Apple Vision Pro is controlled with eye tracking and hand gestures, but how exactly?
In a WWDC23 developer talk, Apple design engineers explained how your eyes and hands work together to control Vision Pro's visionOS.
In visionOS, your eyes are the targeting system, like moving your mouse or hovering your finger over a touchscreen.
User interface elements will react to looking at them to make clear they've been selected. Further, looking at a menu bar will expand that bar, and looking at a microphone icon will immediately trigger speech input.
Pinching your index finger and thumb together is the equivalent of clicking a mouse or pressing a touchscreen.
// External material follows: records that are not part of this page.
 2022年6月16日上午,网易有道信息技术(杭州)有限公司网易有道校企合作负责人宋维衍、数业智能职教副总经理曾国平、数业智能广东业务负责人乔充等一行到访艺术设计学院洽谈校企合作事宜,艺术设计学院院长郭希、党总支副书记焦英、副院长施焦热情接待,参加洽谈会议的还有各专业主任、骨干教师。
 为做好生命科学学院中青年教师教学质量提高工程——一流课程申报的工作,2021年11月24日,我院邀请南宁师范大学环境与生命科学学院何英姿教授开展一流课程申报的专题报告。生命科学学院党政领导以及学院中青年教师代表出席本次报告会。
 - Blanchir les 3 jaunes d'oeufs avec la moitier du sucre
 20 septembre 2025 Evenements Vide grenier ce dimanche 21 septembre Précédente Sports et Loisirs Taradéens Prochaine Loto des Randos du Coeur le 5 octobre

This sends that "click" to whatever your eyes are looking at.
That's obvious enough, but how then do you perform other critical tasks like scrolling?
To scroll, you keep your fingers pinched and flick your wrist up or down. To zoom in or out, you pinch with both hands close together then move each outwards. To rotate something, you do the same but upwards and downwards.
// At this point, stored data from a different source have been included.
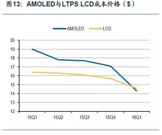 在成本方面,隨著技術的逐步完善,AMOLED的成本也大幅下降,貼近LCD。根據IHS數據,在2016年第一季度,5.0寸1080p AMOLED屏每塊面板成本僅14.3美元,LCD則需要14.6美元,而在2015年第四季度,這兩項數字分別為17.1美元和15.7美元。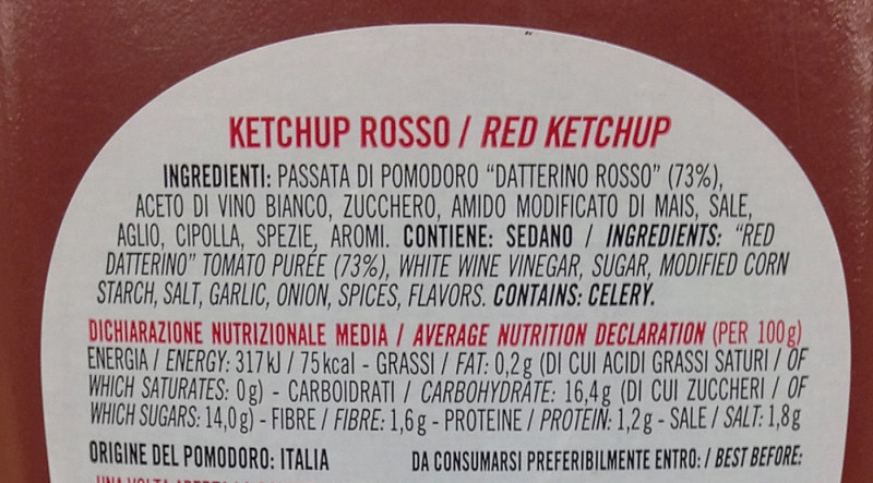 Barcode EAN:   8017995200928 Energy kcal/100g:   75 Satured Fat (per 100g)g:   0 Sugar into Carbohydrates (per 100g)g:   14 Proteines (per 100g)g:   1.2 Calcium CA/ mg (per 100g)g:   Gluten:   Production type:   Made in:   Italy Price €:   Bought here:   Last update:   2018-08-30 18:13:51 | Brand:   Fat (per 100g)g:   0.2 Carbohydrates (per 100g)g:   16.4 Fiber (per 100g)g:   1.6 Salt - Sodium (per 100g)g:   1.8 Ingredients (Indicative):   |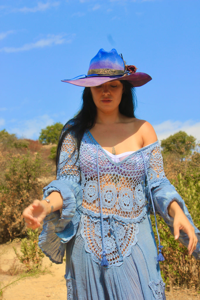 A Honeywood Exclusive Handmade Indigo Antique Crochet and Gauze XL Maxi Dress XL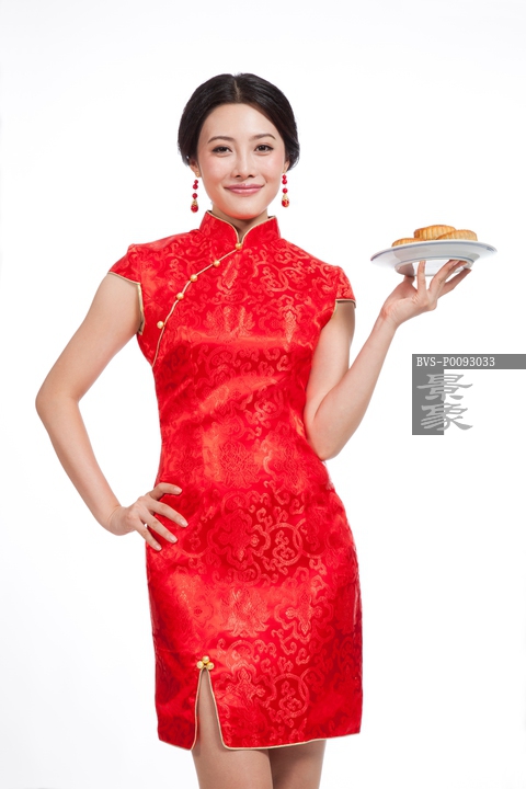 图片标题: 棚拍节日身穿红色旗袍的年轻女人端着月饼

All of these gestures are guided by where you're looking, so you can precisely control the user interface without having to hold your hands up in the air or use laser pointer controllers.
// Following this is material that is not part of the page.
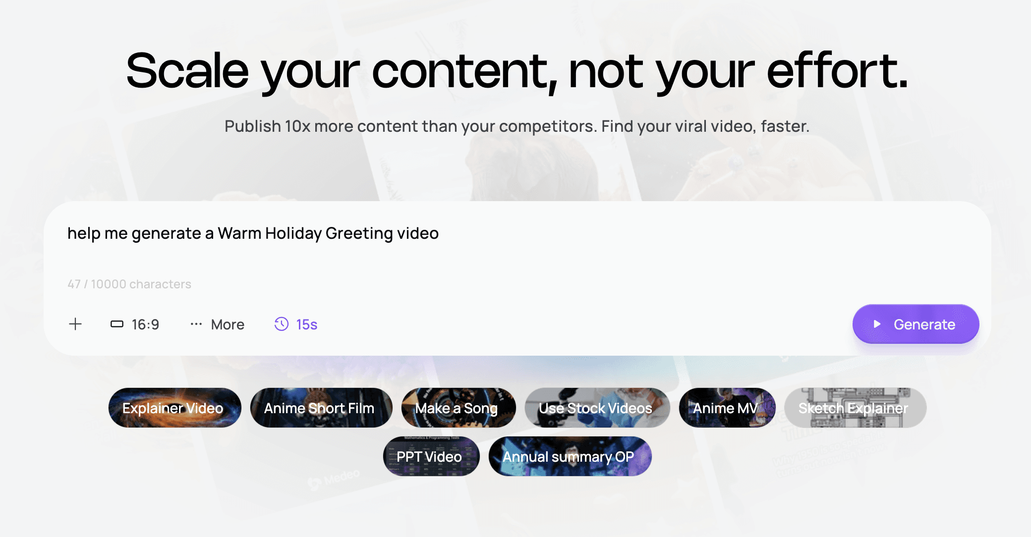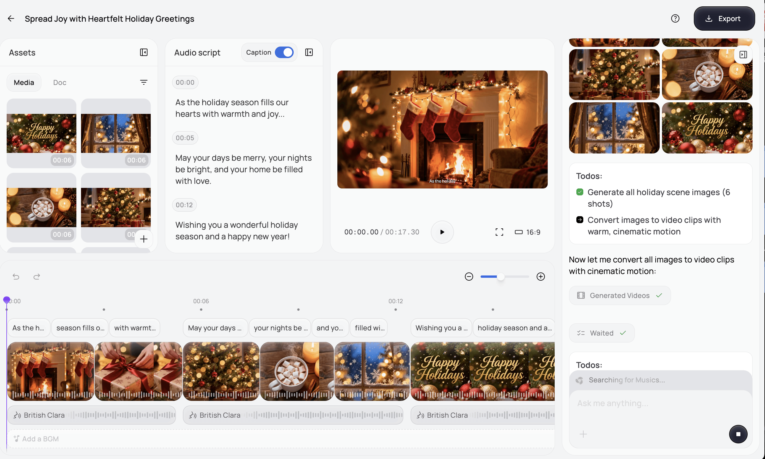 Generate a complete holiday greeting video in seconds—no editing skills needed.

It's a strikingly elegant approach to AR/VR interaction, made possible by Vision Pro's combination of a TrueDepth hand tracking sensor suite and precise eye tracking. Theoretically Quest Pro could have taken a similar approach, but the camera-based hand tracking may not have been reliable enough and Meta may not have wanted to spend time on an interaction system that wouldn't work on Quest 2 and 3, which both lack eye tracking.
Those who have tried Vision Pro report that this combination of eye selection and hand gestures made for more intuitive interaction system than any headset they'd tried before. In our hands-on time it "felt so good to see Apple get this so right". It truly delivers on Apple's "it just works" philosophy.
There are some tasks better achieved by directly using your hands though. For example, you enter text on visionOS by using both to type on a virtual keyboard. Other scenarios Apple recommends using "direct touch" for include inspecting & manipulating small 3D objects and recreating real world interactions.
Meta is also moving towards direct touch with its Quest system software. But it's using it for all interactions, mimicking a touchscreen, instead of only for certain specific tasks. This doesn't require eye tracking but does require holding your hands up in the air, which becomes fatiguing over time.